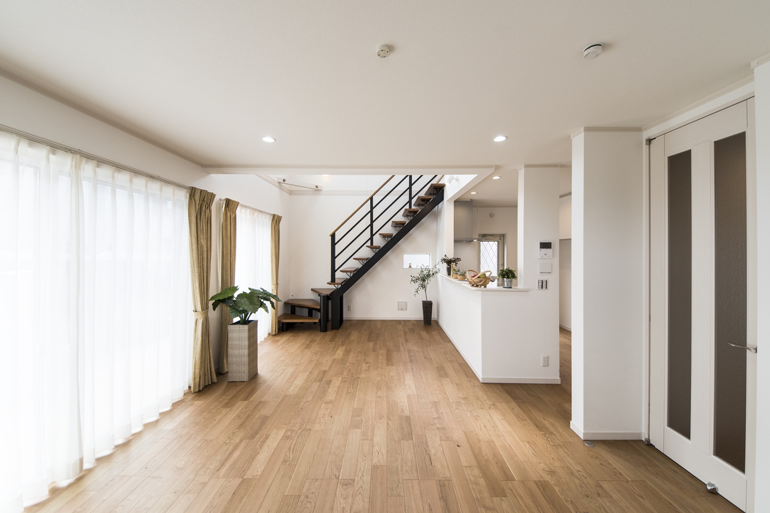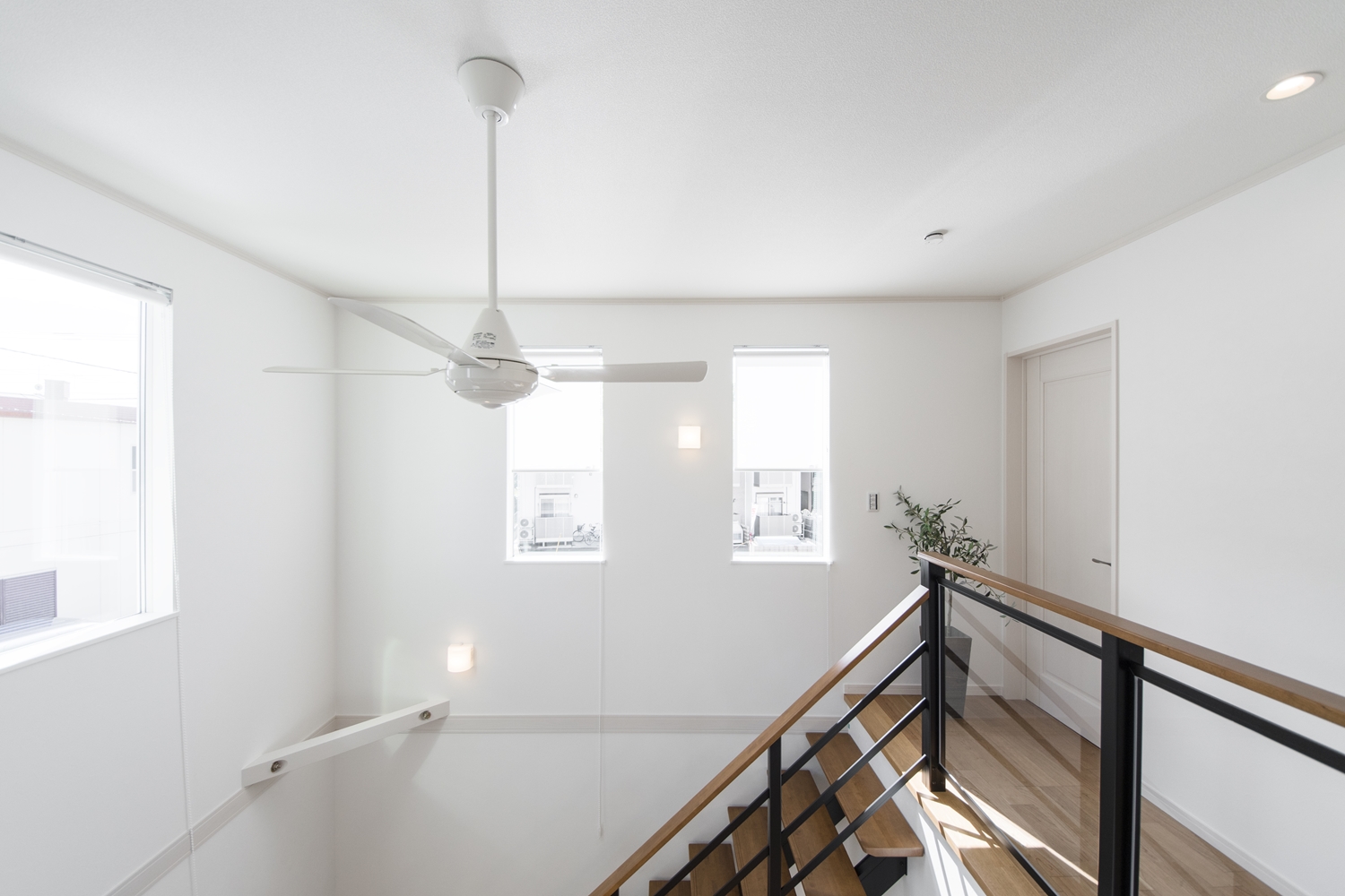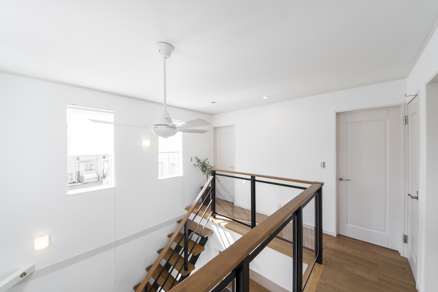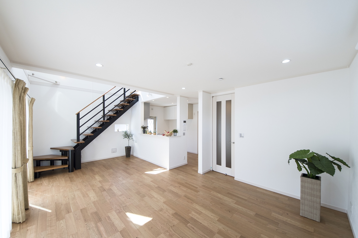 スリット階段と吹き抜けが自慢の明るく開放的な住まい。
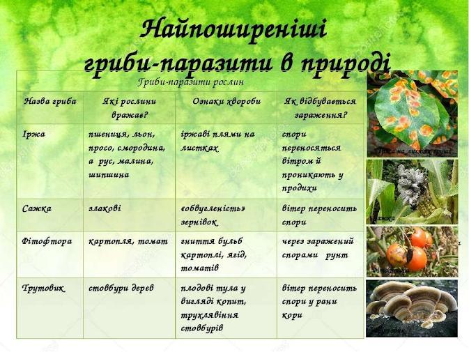 Серед грибів чимало паразитів. Вони викликають різні хвороби рослин, тварин і людини.
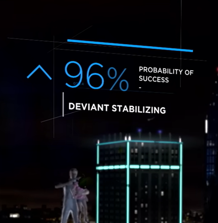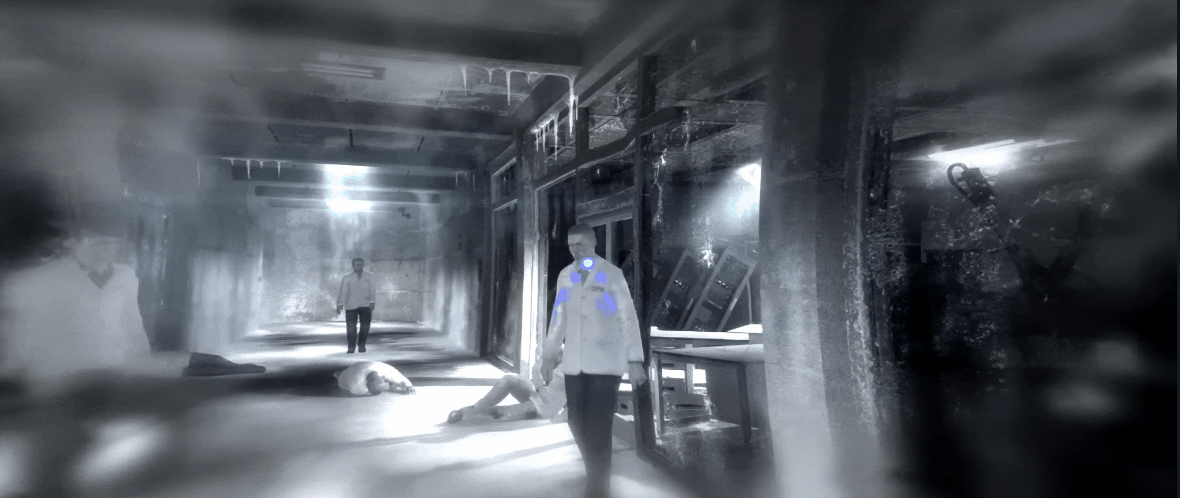 Дополнительно накладывается роль Айдена: в режимах, где игрок управляет духом, меняется не только механика, но и точка восприятия — это уже не тело, а чистое присутствие. Визуально это подчёркнуто сменой ракурсов, цветовой гаммы, костюмов и окружения (лаборатория, спецоперация, ночлежка, пустыня), а также характерным «вылетом» камеры и десатурированным зрением, когда мы становимся Айденом. Игрок всё время примеряет разные «я» внутри одной истории.
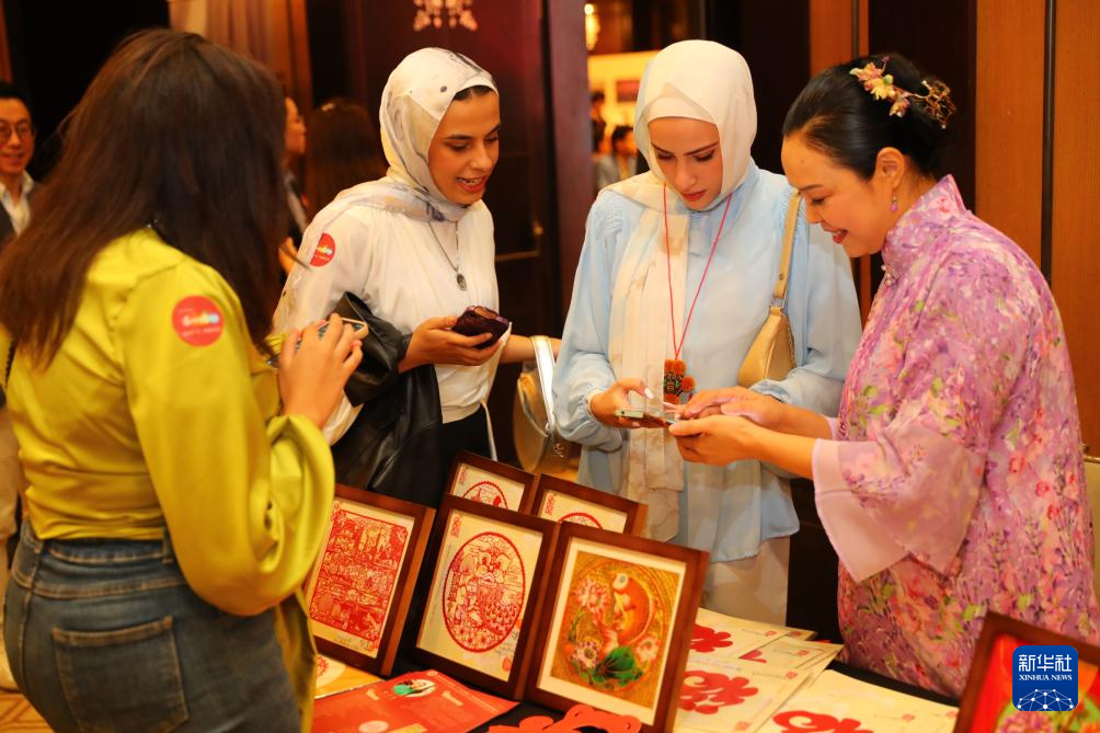 11月19日,在埃及开罗举行的粤港澳大湾区世界级旅游目的地推介暨“魅力广东”视觉展上,人们在非遗展区了解剪纸。
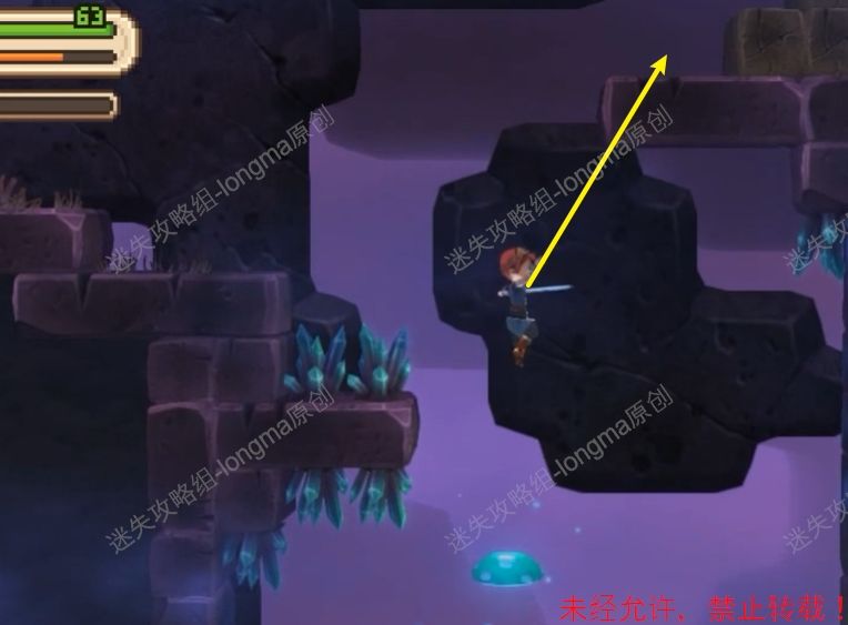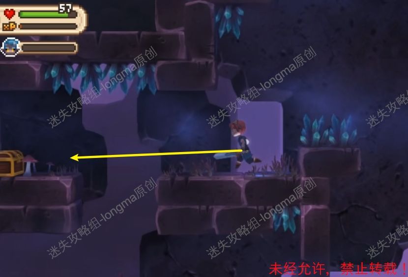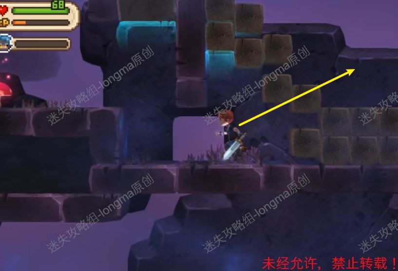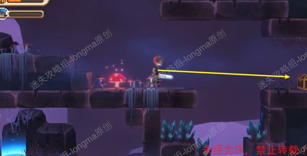 138.在如图138的位置(有许多蓝色蘑菇不断向上跳跃的地方)到达对顶端时,首先击碎右侧的石块,找到宝箱获得【玛钠】。138

------------------------------------

◆ Exercise: Only the lines from the start of the material to the line with "Серед грибів чимало", inclusive, belong in the answer, printed exactly and free of pictures.

◆ Problem solution:
 スリット階段と吹き抜けが自慢の明るく開放的な住まい。
 Серед грибів чимало паразитів. Вони викликають різні хвороби рослин, тварин і людини.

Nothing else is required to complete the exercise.